In the mean time, here’s an excerpt of the good portion. And a link to my Pinterest mood board for the thing so you can see what I’m working on is here: .

Easterbay:

I was just dragging the gate over the sandy roadway, preparing to click the lock together, when he stepped out of the trees.

I say “he” because he stood upright as a human would, on two cloven feet.  His bottom half was wooly, but his top was human.  He wore a leather bomber jacket and a knit cap with horns peeking through, and he looked for all the world at first like a cheeky fisherman, the sort who loitered down at the docks.  Only the cheeky fishermen down by the docks had either turned soldier or weren’t young.

“Hey!” he said.

I’m afraid I startled, and dropped the padlock into the dust.  I stood.

“Yes?” I said, slowly.

“Yourn the newest witch, right?”

“No,” I said.  “I mean, I live in the house, but I’m not a witch or anything.  I can’t do magic.”

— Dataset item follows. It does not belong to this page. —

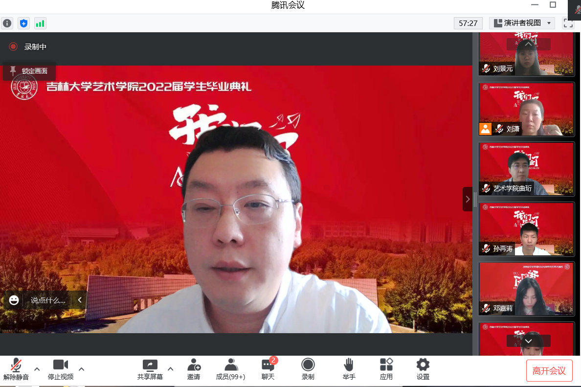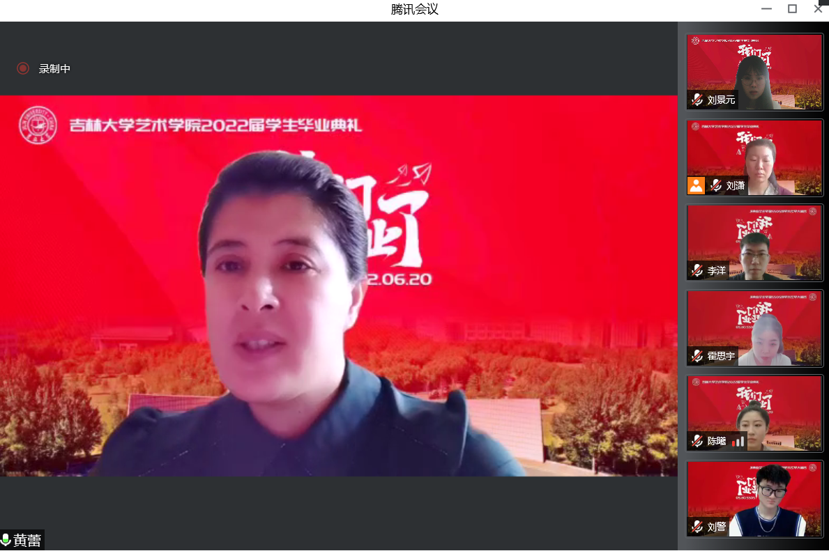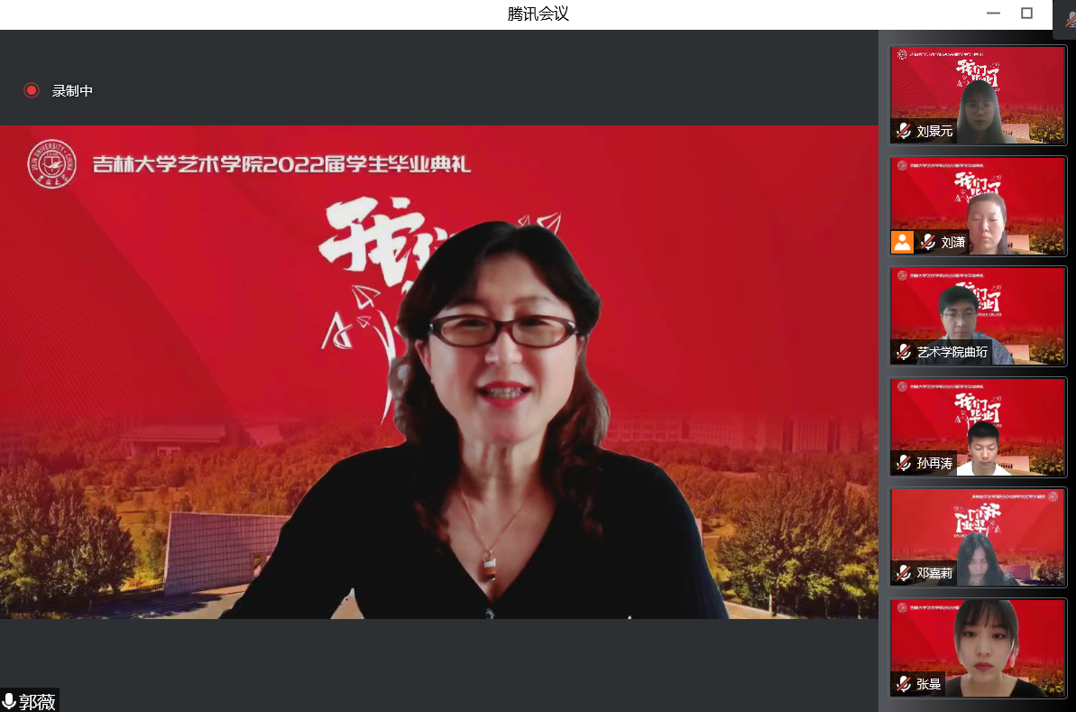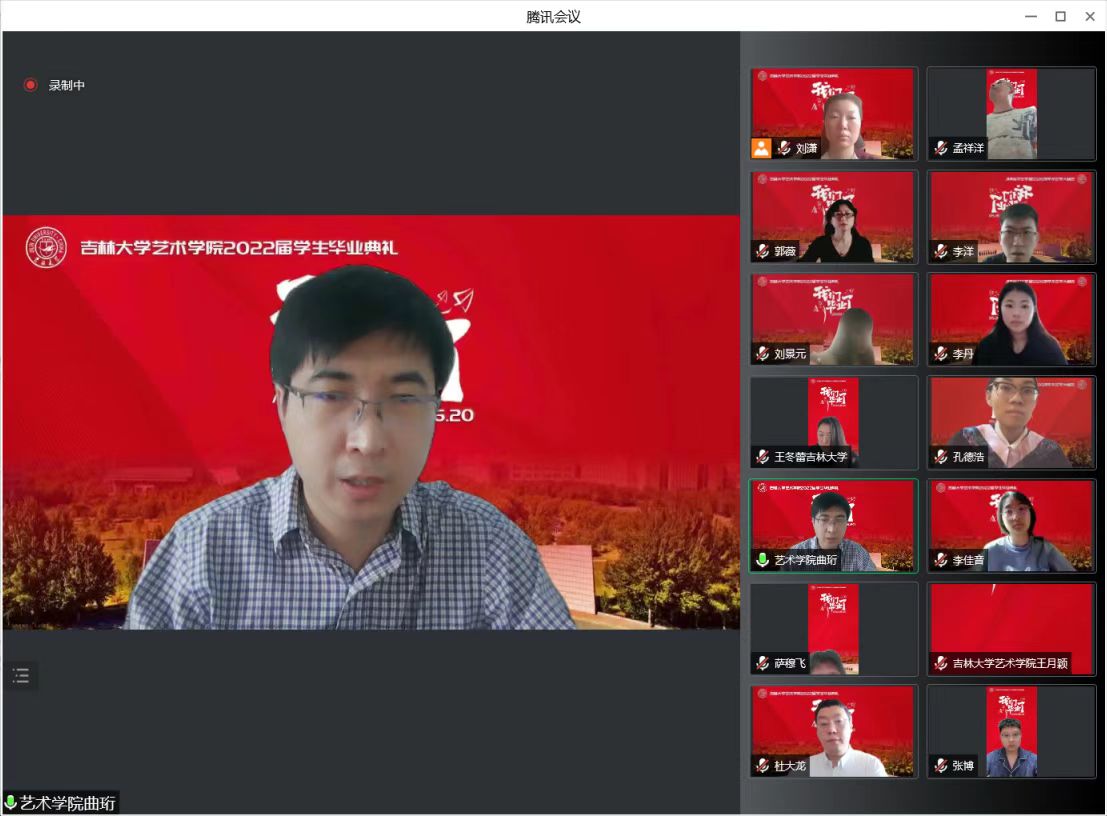 beats365经理郭春方教授致词。他以《文以载道艺以弘德》为题,从三个方面与毕业学子分享关于艺术与人生追求的思考,作为母校为同学们准备的最后一份“毕业礼物”。一是文艺创作,要为时代放歌。文艺是时代前进的号角,文艺创作只有植根现实生活、紧跟时代潮流,才能真正做到思想精深、艺术精湛、制作精良。疫情暴发以来,全院师生创作了系列以抗击疫情为主题的优秀作品,讲述着我们身边的抗疫故事。文艺最能代表一个时代的风貌,也最能引领一个时代的风气。在以“艺”抗疫的征途上奋勇向前,在前所未有的困境中携手前行,共同感受着党和国家在抗击灾难时所爆发出的巨大能量,力尽所能地肩负起吉大人的使命与担当。二是文艺创作,要扎根祖国大地。当代的中国文艺,是包含艺术哲学与精神内涵的时代产物,是反映中华民族精神面貌与审美趣味的文化沉淀,是能够服务于国家需求并引领结构创新的艺术符码。需要在复杂的时代价值环境中,注重全球共识性与民族个性的融通,注重中国语境与国家文明的坚守。扎根祖国大地,发出中国声音,讲述中国故事,扩大“中国艺术”的影响力,是每一名文艺工作者义不容辞的使命与责任。三是文艺创作,要回应民之关切。“中国艺术的生命精神,就是一种以生命为本体,为最高真实的精神”。艺术的真实来源于生活,并对其进行提炼和萃取。文艺工作者的世界观决定了创作过程中的立场、态度和情感。修辞立其诚,艺术之路上,思想的高度、文化的传承、科技的创新,都离不开以人民为中心的创作导向。正如七十六载来,吉大以毫不利己、专门利人的白求恩精神;以一路向北、扎根东北的“北上精神”;以心有大我、至诚报国的黄大年精神,为国家的发展、民族的振兴、社会的进步作出了巨大的贡献。

He scoffed at me.  “Anyone can do magic, even you mortal folk.  That isn’t what I’m talking about.  You’ve taken Her place, haven’t you?”

“Gran’s?  Vega Gay?”

“That’s the one,” he said.

“I don’t know.  I guess I have,” I said.

“Then yourn the new witch.” He nodded at me.

“Can I help you?” I said.

“No, but maybe I can help you.  This time it’s free.  Next time it’ll cost ya.”

“I don’t know what you could possibly tell me at this point…”

“They’re meetin’,” he said.  “That’s wha’ I came to tell ya.  On Samhain, they’re meetin’.”

“Who?” I said.

“Who… as if ya didn’t know.  Them.  The Fae-folk.  The little people.  The Winter court.  Haven’t elected a king in years, but they’re going to.  Thought you’d like to know.”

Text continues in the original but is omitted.